Artificial intelligence (AI) is rapidly transforming our world, from facial recognition software to self-driving cars. But with this immense power comes a growing concern: control. Currently, AI development is largely dominated by a handful of powerful tech companies. This centralization raises questions about bias, transparency, and the potential for misuse. In this article, we explore the compelling arguments for a decentralized approach to AI – and how blockchain technology can help get us there.
The current model of deeply centralized AI development is rife with potential problems. When a small group controls development, their specific biases and priorities are more likely to be reflected in the AI’s decision-making, leading to discriminatory outcomes in areas like loan approvals, facial recognition, or even hiring practices. Furthermore, when AI development happens behind closed doors, it’s difficult to understand how these algorithms work and why they make certain decisions.

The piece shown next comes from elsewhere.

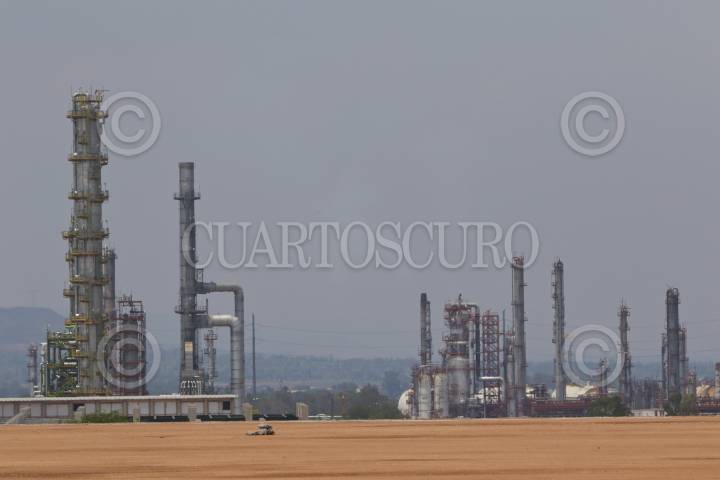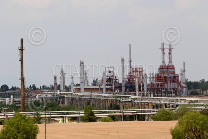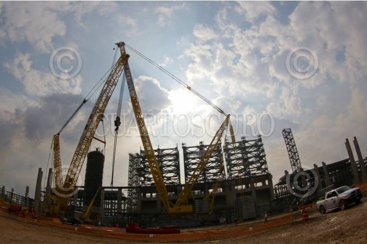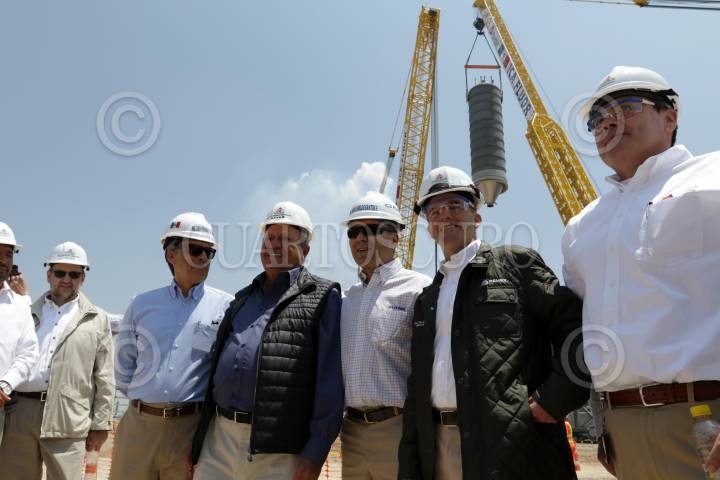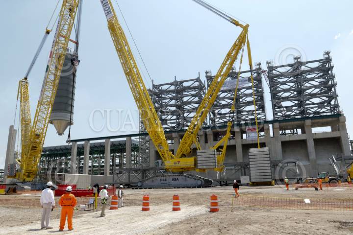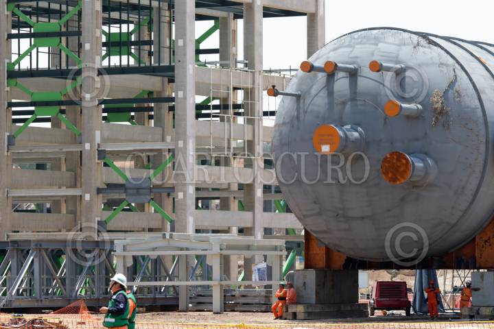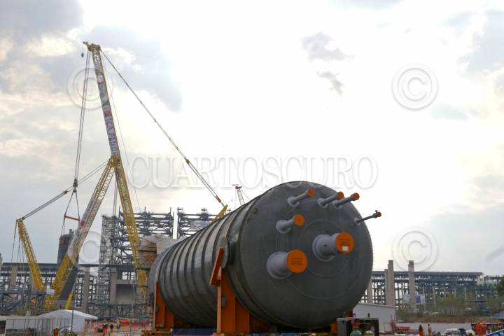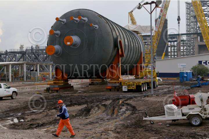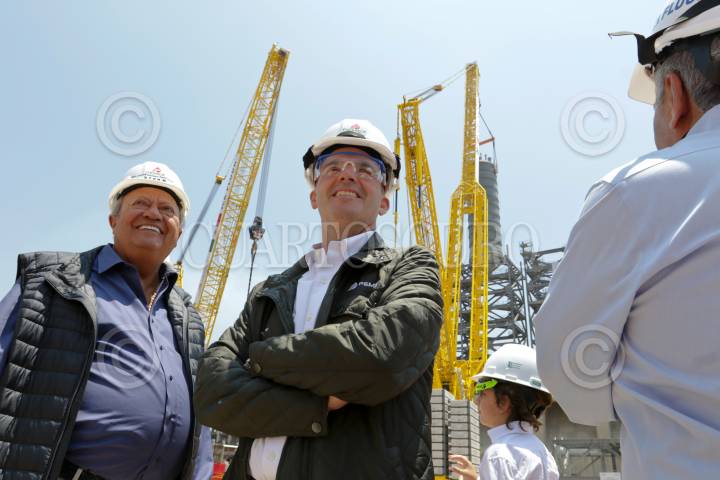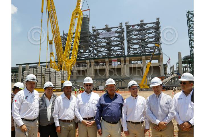 TULA, HIDALGO, 18ABRIL2017.- En la refinería de Miguel Hidalgo inició el montaje del primer tambor de coquización, que forma parte de la reconfiguración de este complejo, los trabajos para colocar estos tambores o calderas tardarán al menos año y medio en ensamblarse y entrar en funcionamiento. El evento fue encabezado por Carlos Murrieta Cummings, director general de Pemex Transformación Industrial; José Antonio González Anaya, director de Pemex, y Carlos Romero Deschamps, líder del sindicato de los petroleros. FOTO: CUARTOSCURO.COM

There’s also the problem of centralized control. Concentrated AI development grants immense power to a few companies, raising concerns about potential misuse for surveillance, manipulation, or even the development of autonomous weapons.
Decentralized development, on the other hand, distributes power and makes it harder for any one entity to exert undue control. It opens the door for a wider range of ideas and collaborations, fostering innovation and accelerating progress in the field. Decentralization can democratize AI development, making it more accessible to smaller players and startups, potentially leading to solutions that address a wider range of problems and benefit a broader population.
But how can decentralized development be realized when AI development and operation requires a vast amount of computing power? Rather than utilizing hyperscale centralized cloud platforms, argues Alex Goh of CoinDesk, AI development could be blockchain based – thus effectively decentralizing it.
When you consider it, blockchain and AI are a natural match that effectively overcome the shortcomings of centralized AI development. By distributing training data and model development across a wider network, blockchain can help reduce bias inherent in centralized systems. Additionally, the immutable nature of blockchain allows for auditing data used to train AI, potentially identifying and mitigating bias.
Based on its infrastructure, blockchain can facilitate the secure sharing and access to training data for AI models. This would help overcome data silos and empower collaboration, leading to the development of more robust and generalizable AI.
Crucially, blockchain’s distributed ledger technology provides a secure and tamper-proof platform for storing and executing AI models. Once implemented, using blockchain would increase transparency in how AI decisions are made and make it harder to manipulate data or algorithms for malicious purposes.
With blockchain networks tapping into significant amounts of hardware, the only barrier to developing AI using blockchain at present is a matter of education. Once more developers understand that blockchain can offer more secure, more efficient, and less expensive access to AI development, it’s only a matter of time before it becomes a reality.